**To do**
From the entries below, print exactly the span beginning with the line holding "姉妹園のみどり園保育所、分園" and ending with the line holding "Mannitol hexanitrate is", endpoints included, and skip any pictures.

**Recorded information**
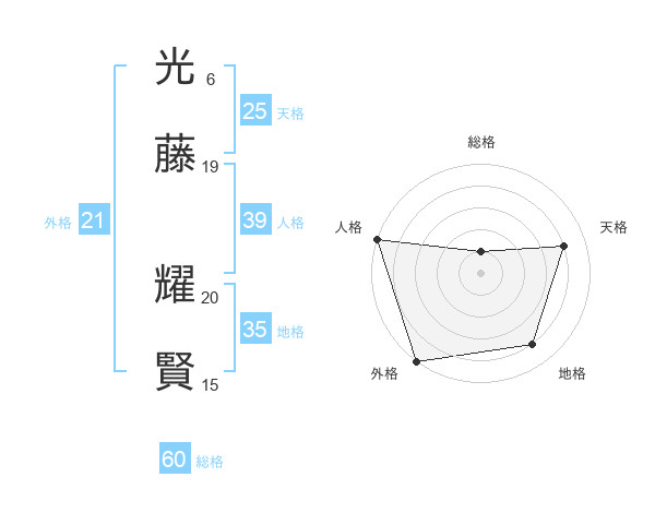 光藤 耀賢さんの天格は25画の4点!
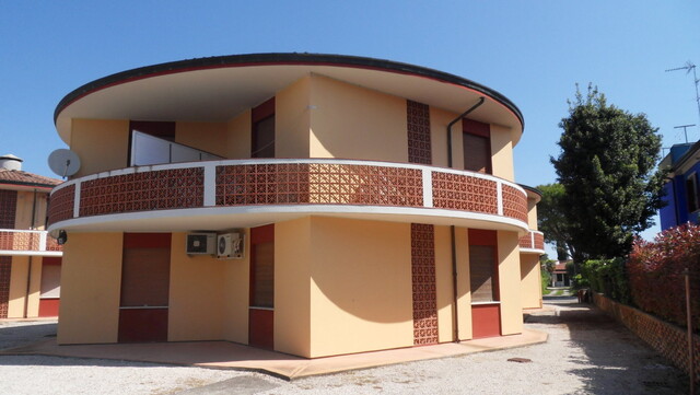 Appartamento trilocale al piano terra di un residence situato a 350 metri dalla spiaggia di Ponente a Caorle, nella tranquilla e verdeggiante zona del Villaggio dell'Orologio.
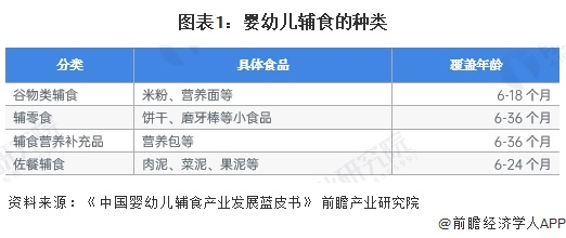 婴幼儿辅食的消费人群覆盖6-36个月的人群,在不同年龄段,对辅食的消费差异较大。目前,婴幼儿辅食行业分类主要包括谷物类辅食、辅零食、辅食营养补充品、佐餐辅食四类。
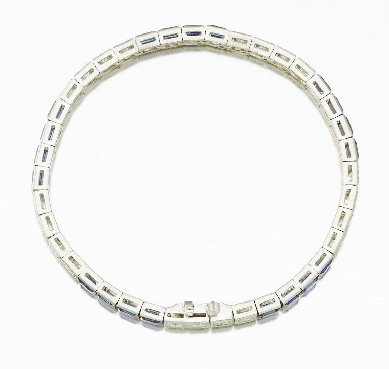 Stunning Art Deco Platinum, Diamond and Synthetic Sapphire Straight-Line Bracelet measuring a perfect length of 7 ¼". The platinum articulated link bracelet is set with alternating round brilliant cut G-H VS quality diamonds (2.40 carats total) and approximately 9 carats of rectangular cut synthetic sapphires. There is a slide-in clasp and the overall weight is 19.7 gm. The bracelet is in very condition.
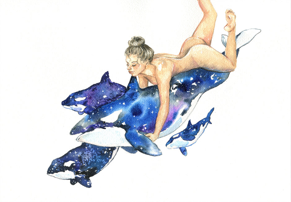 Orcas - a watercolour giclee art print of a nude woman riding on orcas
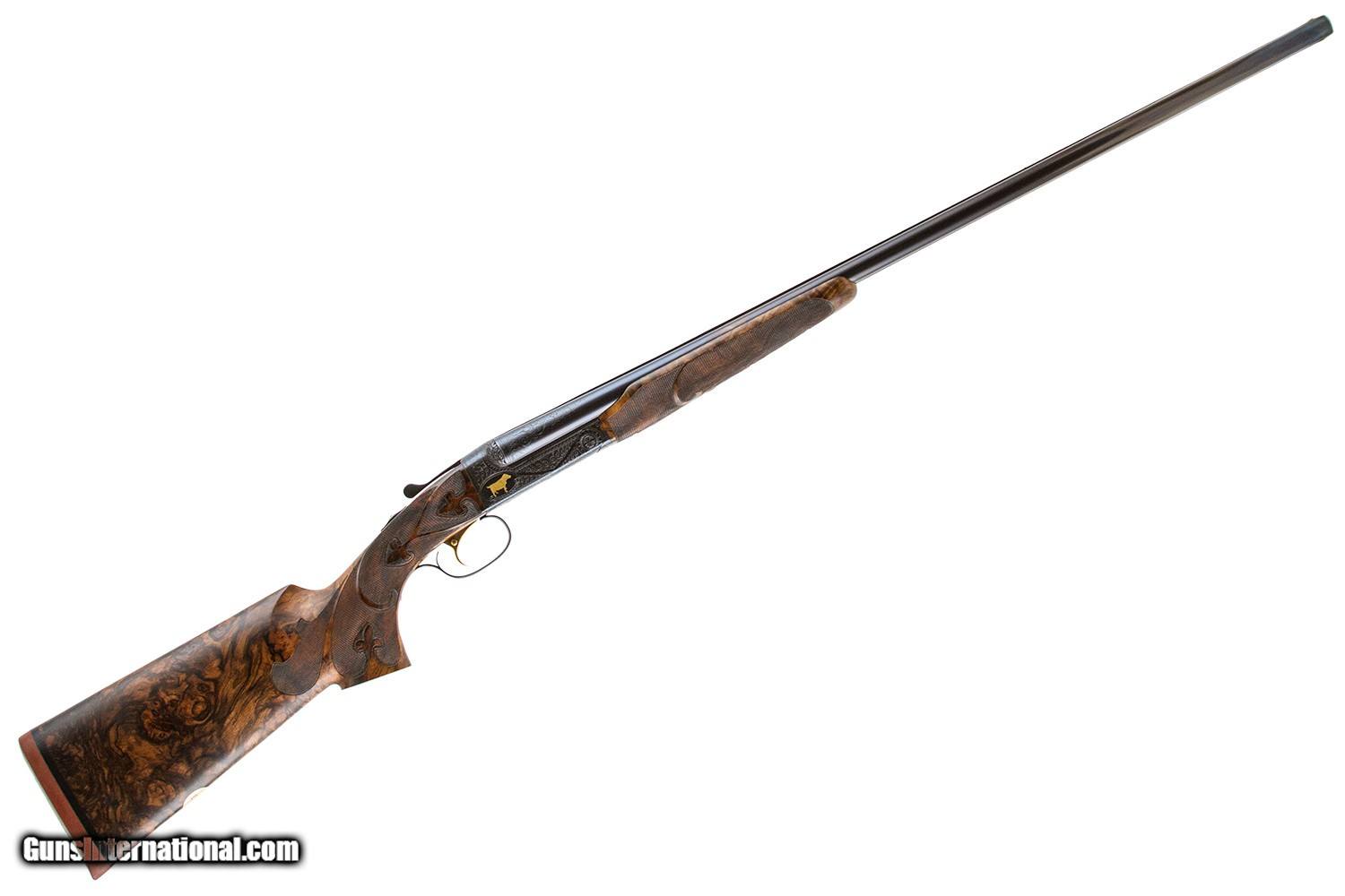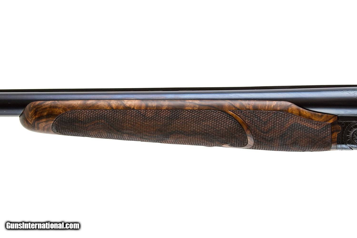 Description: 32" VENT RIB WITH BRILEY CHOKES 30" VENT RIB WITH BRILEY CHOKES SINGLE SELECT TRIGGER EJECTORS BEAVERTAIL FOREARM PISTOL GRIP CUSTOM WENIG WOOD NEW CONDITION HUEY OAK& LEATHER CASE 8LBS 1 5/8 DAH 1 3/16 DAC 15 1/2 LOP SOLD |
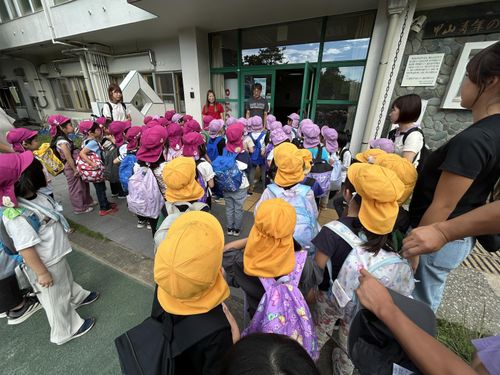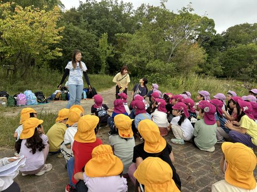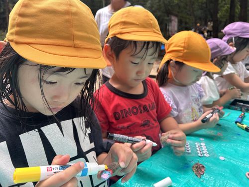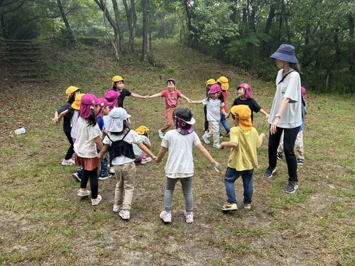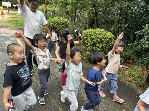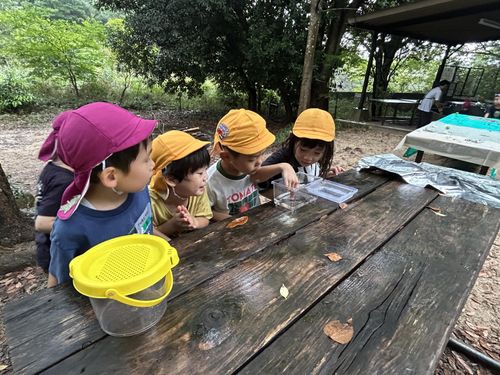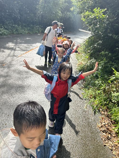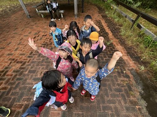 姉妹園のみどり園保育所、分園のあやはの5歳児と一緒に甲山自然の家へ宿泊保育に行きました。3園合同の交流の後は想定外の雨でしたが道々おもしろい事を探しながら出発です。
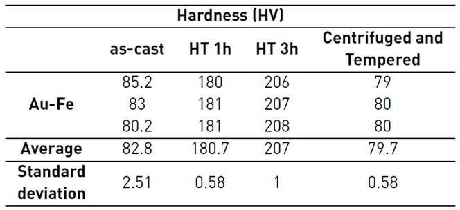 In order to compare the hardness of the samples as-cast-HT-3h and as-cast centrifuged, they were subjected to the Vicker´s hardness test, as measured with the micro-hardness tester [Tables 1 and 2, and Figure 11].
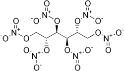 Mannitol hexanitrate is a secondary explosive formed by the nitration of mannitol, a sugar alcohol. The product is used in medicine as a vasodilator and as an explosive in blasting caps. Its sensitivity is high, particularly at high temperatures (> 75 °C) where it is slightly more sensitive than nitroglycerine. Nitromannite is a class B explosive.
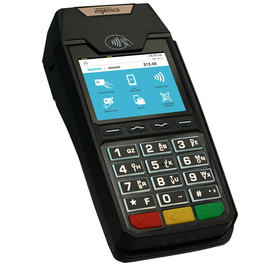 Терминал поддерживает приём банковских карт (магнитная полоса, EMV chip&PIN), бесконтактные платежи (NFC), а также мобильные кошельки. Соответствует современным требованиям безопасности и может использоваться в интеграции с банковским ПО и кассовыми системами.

**Answer to this problem**
 姉妹園のみどり園保育所、分園のあやはの5歳児と一緒に甲山自然の家へ宿泊保育に行きました。3園合同の交流の後は想定外の雨でしたが道々おもしろい事を探しながら出発です。
 In order to compare the hardness of the samples as-cast-HT-3h and as-cast centrifuged, they were subjected to the Vicker´s hardness test, as measured with the micro-hardness tester [Tables 1 and 2, and Figure 11].
 Mannitol hexanitrate is a secondary explosive formed by the nitration of mannitol, a sugar alcohol. The product is used in medicine as a vasodilator and as an explosive in blasting caps. Its sensitivity is high, particularly at high temperatures (> 75 °C) where it is slightly more sensitive than nitroglycerine. Nitromannite is a class B explosive.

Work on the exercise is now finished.